> **What this task involves**: Only the lines below between the one holding "Ренуар также написал" and the one holding "淮安市住房和城乡建设局关于做", inclusive, are to be reproduced word for word; the pictures are to be left out.
*** Opening of Data for processing ***
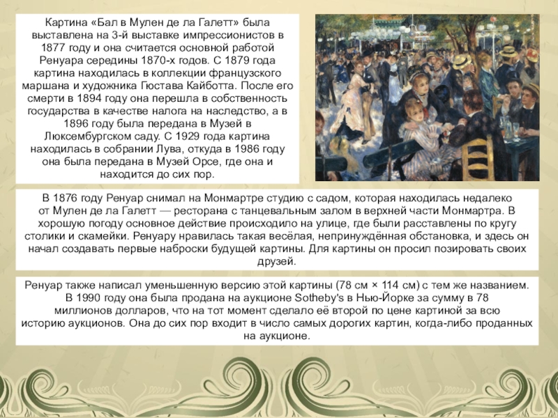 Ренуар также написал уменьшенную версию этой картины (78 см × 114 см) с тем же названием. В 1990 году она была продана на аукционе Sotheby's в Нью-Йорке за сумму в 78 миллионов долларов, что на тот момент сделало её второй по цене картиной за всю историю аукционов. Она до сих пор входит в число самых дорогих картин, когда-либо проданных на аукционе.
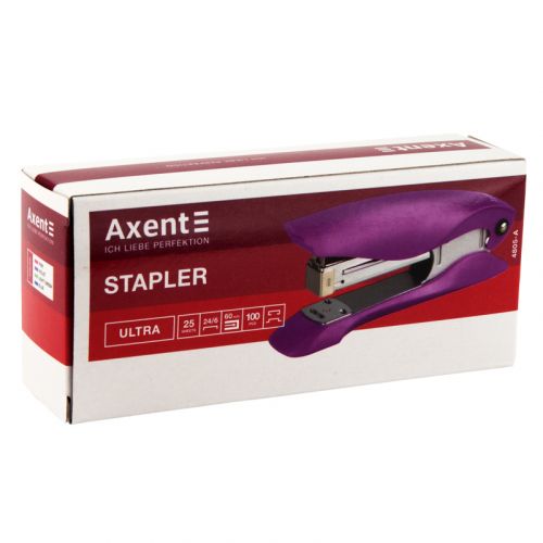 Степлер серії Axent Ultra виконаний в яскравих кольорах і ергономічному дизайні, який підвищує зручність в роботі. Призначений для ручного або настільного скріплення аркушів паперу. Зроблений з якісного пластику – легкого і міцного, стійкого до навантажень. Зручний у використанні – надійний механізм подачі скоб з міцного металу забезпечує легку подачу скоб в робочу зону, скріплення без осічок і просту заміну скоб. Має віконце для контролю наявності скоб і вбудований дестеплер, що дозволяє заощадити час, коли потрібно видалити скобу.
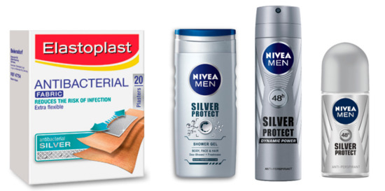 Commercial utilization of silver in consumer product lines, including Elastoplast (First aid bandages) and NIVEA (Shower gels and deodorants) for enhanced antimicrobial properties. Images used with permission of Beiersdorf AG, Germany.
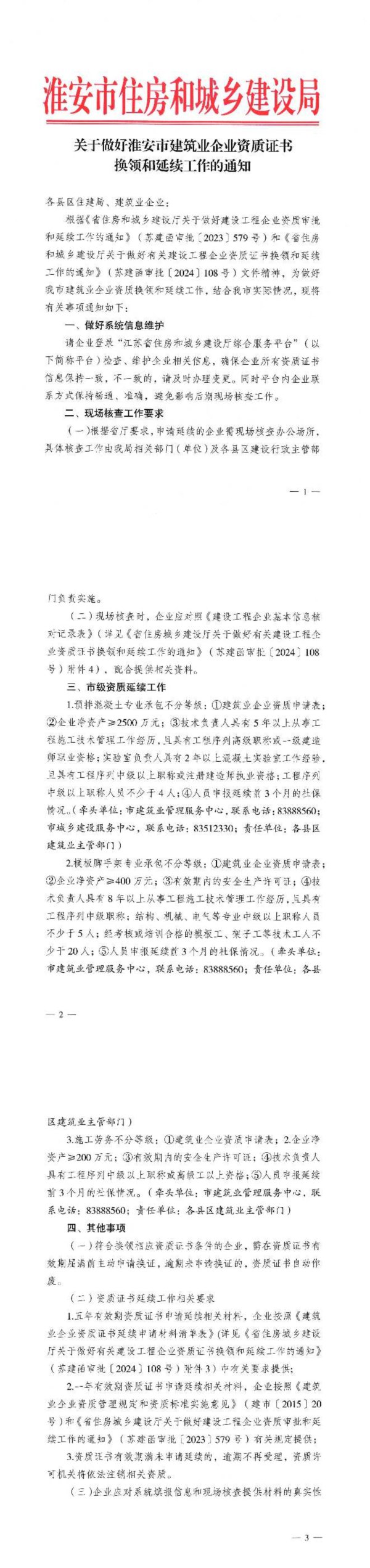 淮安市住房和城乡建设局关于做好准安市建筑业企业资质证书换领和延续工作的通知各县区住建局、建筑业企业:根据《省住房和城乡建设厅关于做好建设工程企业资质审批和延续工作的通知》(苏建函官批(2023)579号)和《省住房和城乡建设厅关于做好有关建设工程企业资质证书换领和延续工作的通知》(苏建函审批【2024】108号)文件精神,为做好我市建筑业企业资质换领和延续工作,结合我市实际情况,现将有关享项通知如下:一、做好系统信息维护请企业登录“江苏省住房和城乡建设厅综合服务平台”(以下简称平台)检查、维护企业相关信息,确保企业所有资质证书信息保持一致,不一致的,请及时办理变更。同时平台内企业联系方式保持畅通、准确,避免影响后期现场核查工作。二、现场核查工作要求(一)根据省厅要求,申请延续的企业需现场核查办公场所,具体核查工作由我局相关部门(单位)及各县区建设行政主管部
*** Close of Data for processing ***
*** Opening of Data for processing ***
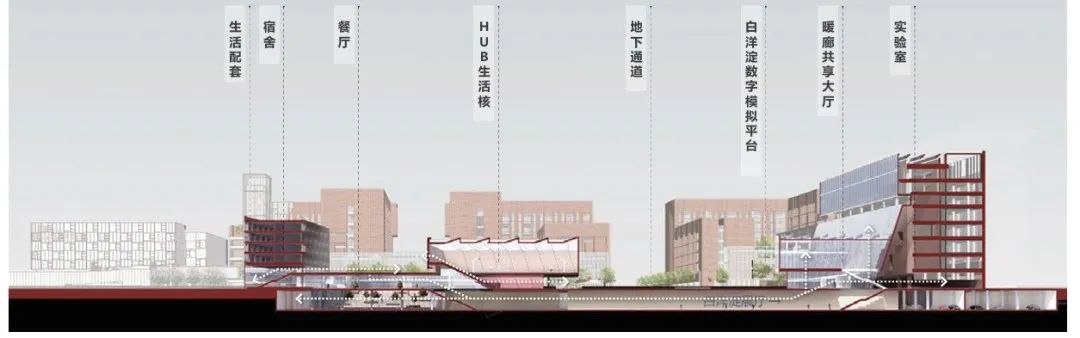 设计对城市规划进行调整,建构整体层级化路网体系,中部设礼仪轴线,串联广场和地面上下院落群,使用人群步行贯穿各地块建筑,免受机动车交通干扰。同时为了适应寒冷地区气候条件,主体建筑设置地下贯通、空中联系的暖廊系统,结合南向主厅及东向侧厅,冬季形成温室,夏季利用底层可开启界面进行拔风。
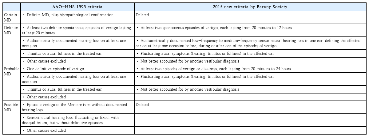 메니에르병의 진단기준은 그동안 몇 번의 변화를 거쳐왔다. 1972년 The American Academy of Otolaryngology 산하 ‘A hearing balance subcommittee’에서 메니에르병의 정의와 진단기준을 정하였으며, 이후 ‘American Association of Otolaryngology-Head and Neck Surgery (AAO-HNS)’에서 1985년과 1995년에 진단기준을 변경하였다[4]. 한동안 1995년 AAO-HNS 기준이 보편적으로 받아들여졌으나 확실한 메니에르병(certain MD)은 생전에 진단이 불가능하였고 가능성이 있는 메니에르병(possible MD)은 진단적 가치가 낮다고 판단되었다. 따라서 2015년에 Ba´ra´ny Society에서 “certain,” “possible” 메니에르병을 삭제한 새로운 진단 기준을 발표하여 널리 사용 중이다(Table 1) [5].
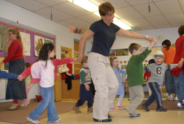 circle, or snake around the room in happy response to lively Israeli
*** Close of Data for processing ***
> **Expected answer**:
 Ренуар также написал уменьшенную версию этой картины (78 см × 114 см) с тем же названием. В 1990 году она была продана на аукционе Sotheby's в Нью-Йорке за сумму в 78 миллионов долларов, что на тот момент сделало её второй по цене картиной за всю историю аукционов. Она до сих пор входит в число самых дорогих картин, когда-либо проданных на аукционе.
 Степлер серії Axent Ultra виконаний в яскравих кольорах і ергономічному дизайні, який підвищує зручність в роботі. Призначений для ручного або настільного скріплення аркушів паперу. Зроблений з якісного пластику – легкого і міцного, стійкого до навантажень. Зручний у використанні – надійний механізм подачі скоб з міцного металу забезпечує легку подачу скоб в робочу зону, скріплення без осічок і просту заміну скоб. Має віконце для контролю наявності скоб і вбудований дестеплер, що дозволяє заощадити час, коли потрібно видалити скобу.
 Commercial utilization of silver in consumer product lines, including Elastoplast (First aid bandages) and NIVEA (Shower gels and deodorants) for enhanced antimicrobial properties. Images used with permission of Beiersdorf AG, Germany.
 淮安市住房和城乡建设局关于做好准安市建筑业企业资质证书换领和延续工作的通知各县区住建局、建筑业企业:根据《省住房和城乡建设厅关于做好建设工程企业资质审批和延续工作的通知》(苏建函官批(2023)579号)和《省住房和城乡建设厅关于做好有关建设工程企业资质证书换领和延续工作的通知》(苏建函审批【2024】108号)文件精神,为做好我市建筑业企业资质换领和延续工作,结合我市实际情况,现将有关享项通知如下:一、做好系统信息维护请企业登录“江苏省住房和城乡建设厅综合服务平台”(以下简称平台)检查、维护企业相关信息,确保企业所有资质证书信息保持一致,不一致的,请及时办理变更。同时平台内企业联系方式保持畅通、准确,避免影响后期现场核查工作。二、现场核查工作要求(一)根据省厅要求,申请延续的企业需现场核查办公场所,具体核查工作由我局相关部门(单位)及各县区建设行政主管部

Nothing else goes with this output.